What to do
Aim for an exact copy of the listing, without any images.

Supplied material
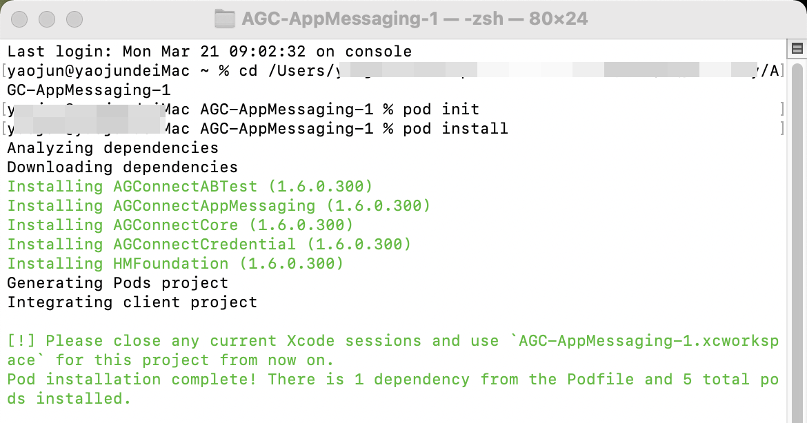 - Edit the Podfile to add the pod ‘AGConnectAppMessaging' dependency.
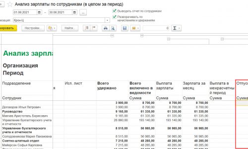 «Или ещё как вариант — можно использовать стандартный отчёт «анализ начисленной ЗП за месяц», там есть колонки по выплатам — аванс, зарплата, и межрасчётные выплаты. А можно детализировать эти межрасчёты? Отпускные/больничные/увольнения…»
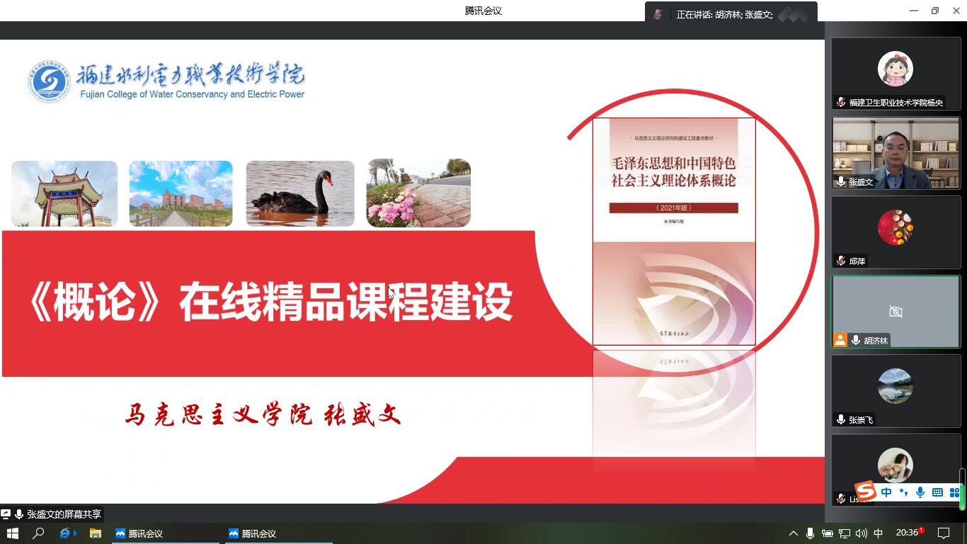 為推進(jìn)我?!睹珴蓶|思想和中國(guó)特色社會(huì)主義理論體系概論》精品在線(xiàn)開(kāi)放課程建設(shè),2022年12月18日傍晚,馬克思主義學(xué)院習(xí)近平新時(shí)代中國(guó)特色社會(huì)主義思想概論教研室通過(guò)騰訊會(huì)議,組織開(kāi)展精品在線(xiàn)開(kāi)放課程建設(shè)研討會(huì)。本次研討會(huì)特邀福建水利電力職業(yè)技術(shù)學(xué)院馬克思主義學(xué)院院長(zhǎng)張盛文教授為大家做經(jīng)驗(yàn)分享與課程建設(shè)指導(dǎo)。校教師教學(xué)培訓(xùn)師、概論教研室主任胡濟(jì)林主持會(huì)議,課程組全體教師參加會(huì)議。
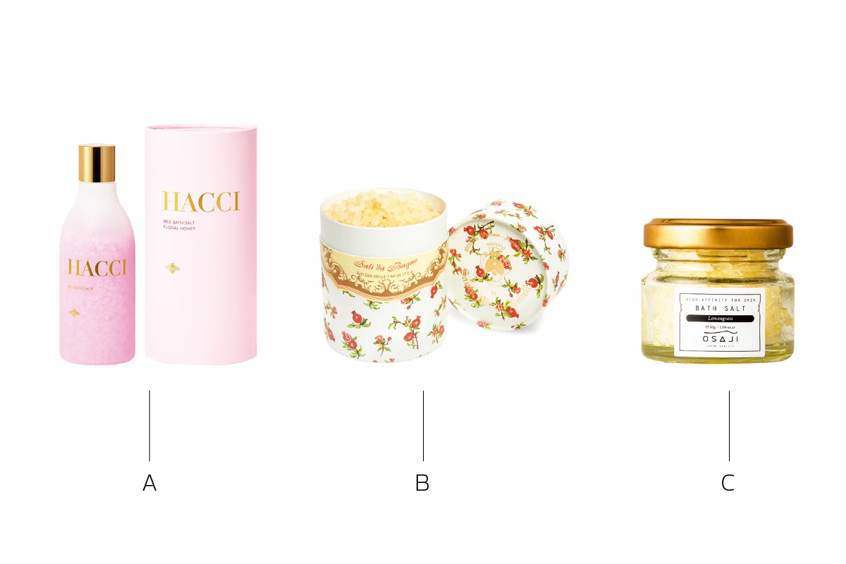 A. 国産海塩にハチミツパウダーと美容成分をコーティング。プルンと弾むような肌へ導く。BEE バスソルト フローラルハニー 300g ¥4,400(ッチ) B. ザクロの香りが全身を包みこみ、肌も柔らか&なめらかに。リッチな時間を堪能して。バスソルト ザクロ 500g ¥7,700(サンタ・マリア ・ノヴェッラ・ジャパン) C. ミネラル成分を豊富に含むヒマラヤ岩塩を配合。ボディを保湿しうるおいに満ちた肌へ。オサジ バスソルト レモングラス 30g ¥880(オサジ)

Task result
 - Edit the Podfile to add the pod ‘AGConnectAppMessaging' dependency.
 «Или ещё как вариант — можно использовать стандартный отчёт «анализ начисленной ЗП за месяц», там есть колонки по выплатам — аванс, зарплата, и межрасчётные выплаты. А можно детализировать эти межрасчёты? Отпускные/больничные/увольнения…»
 為推進(jìn)我?!睹珴蓶|思想和中國(guó)特色社會(huì)主義理論體系概論》精品在線(xiàn)開(kāi)放課程建設(shè),2022年12月18日傍晚,馬克思主義學(xué)院習(xí)近平新時(shí)代中國(guó)特色社會(huì)主義思想概論教研室通過(guò)騰訊會(huì)議,組織開(kāi)展精品在線(xiàn)開(kāi)放課程建設(shè)研討會(huì)。本次研討會(huì)特邀福建水利電力職業(yè)技術(shù)學(xué)院馬克思主義學(xué)院院長(zhǎng)張盛文教授為大家做經(jīng)驗(yàn)分享與課程建設(shè)指導(dǎo)。校教師教學(xué)培訓(xùn)師、概論教研室主任胡濟(jì)林主持會(huì)議,課程組全體教師參加會(huì)議。
 A. 国産海塩にハチミツパウダーと美容成分をコーティング。プルンと弾むような肌へ導く。BEE バスソルト フローラルハニー 300g ¥4,400(ッチ) B. ザクロの香りが全身を包みこみ、肌も柔らか&なめらかに。リッチな時間を堪能して。バスソルト ザクロ 500g ¥7,700(サンタ・マリア ・ノヴェッラ・ジャパン) C. ミネラル成分を豊富に含むヒマラヤ岩塩を配合。ボディを保湿しうるおいに満ちた肌へ。オサジ バスソルト レモングラス 30g ¥880(オサジ)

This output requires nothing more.